• YOUR INSTRUCTIONS
In the data below, begin at the line with "Feeling every kilo" and stop after the line with "ieg™ iPhone 15"; output those lines exactly and no pictures.

• ENTRIES SUPPLIED
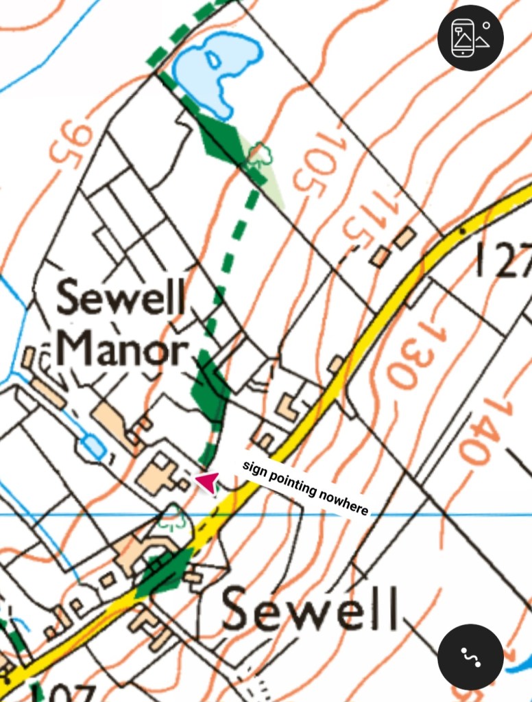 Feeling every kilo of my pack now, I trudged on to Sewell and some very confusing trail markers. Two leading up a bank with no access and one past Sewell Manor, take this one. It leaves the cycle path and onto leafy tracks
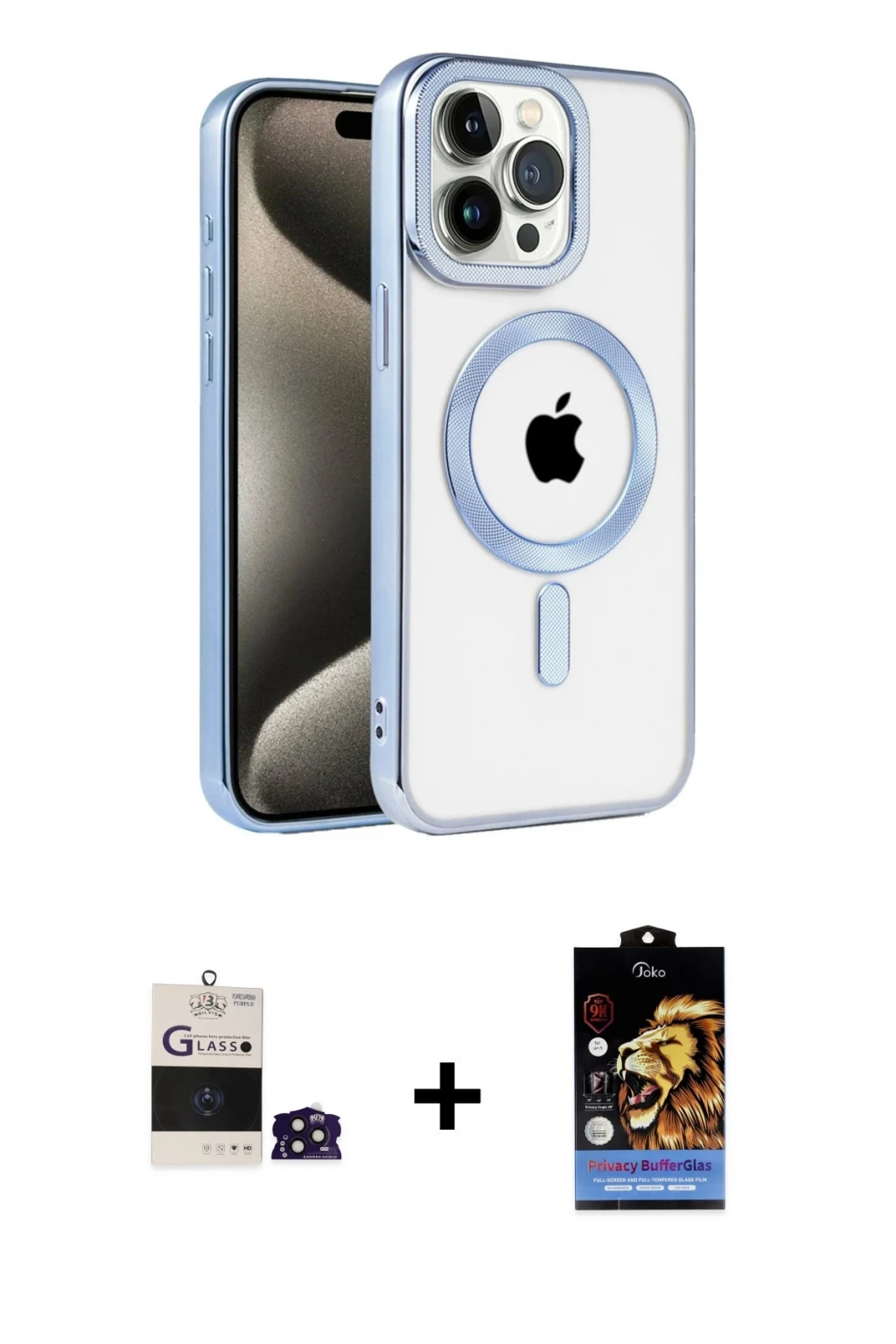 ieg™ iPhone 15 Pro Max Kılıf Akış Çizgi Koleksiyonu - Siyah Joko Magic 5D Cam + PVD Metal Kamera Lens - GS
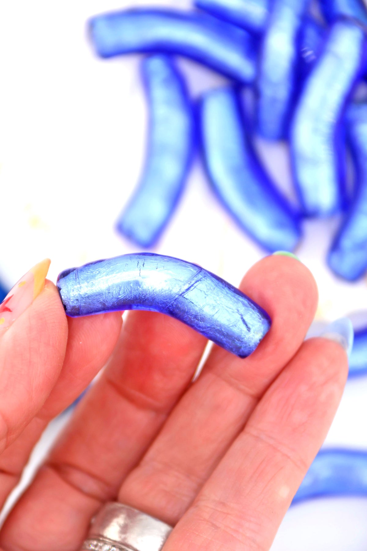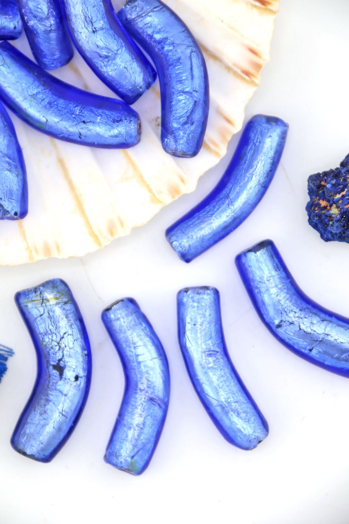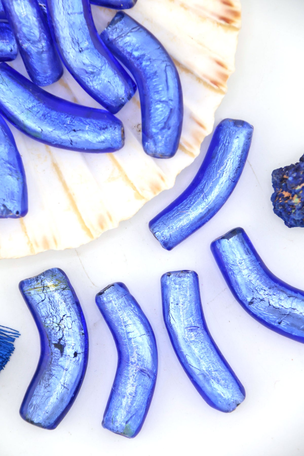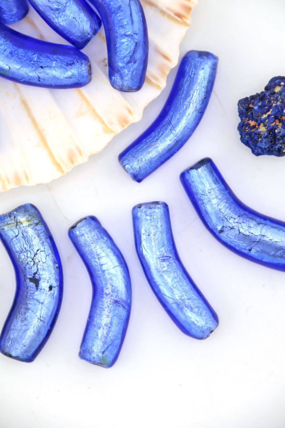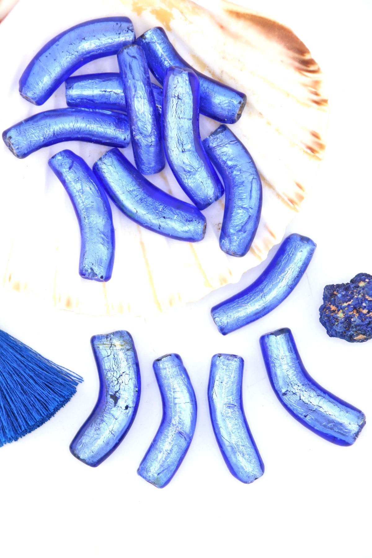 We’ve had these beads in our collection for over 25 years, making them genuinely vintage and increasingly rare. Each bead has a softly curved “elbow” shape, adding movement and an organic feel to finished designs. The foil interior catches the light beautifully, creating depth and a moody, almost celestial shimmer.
...
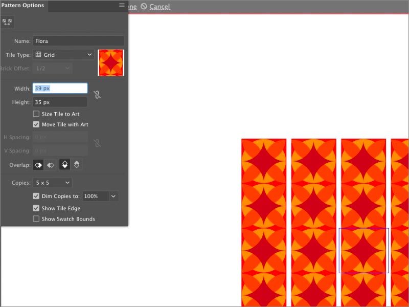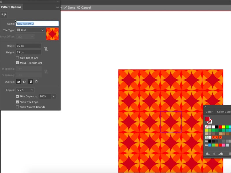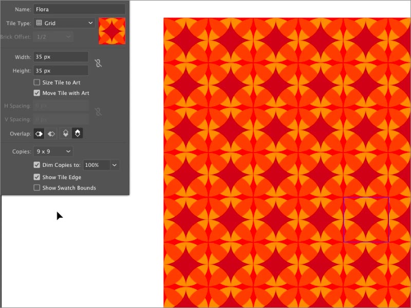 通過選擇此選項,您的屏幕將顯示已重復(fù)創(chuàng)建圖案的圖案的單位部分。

• SOLUTION
 Feeling every kilo of my pack now, I trudged on to Sewell and some very confusing trail markers. Two leading up a bank with no access and one past Sewell Manor, take this one. It leaves the cycle path and onto leafy tracks
 ieg™ iPhone 15 Pro Max Kılıf Akış Çizgi Koleksiyonu - Siyah Joko Magic 5D Cam + PVD Metal Kamera Lens - GS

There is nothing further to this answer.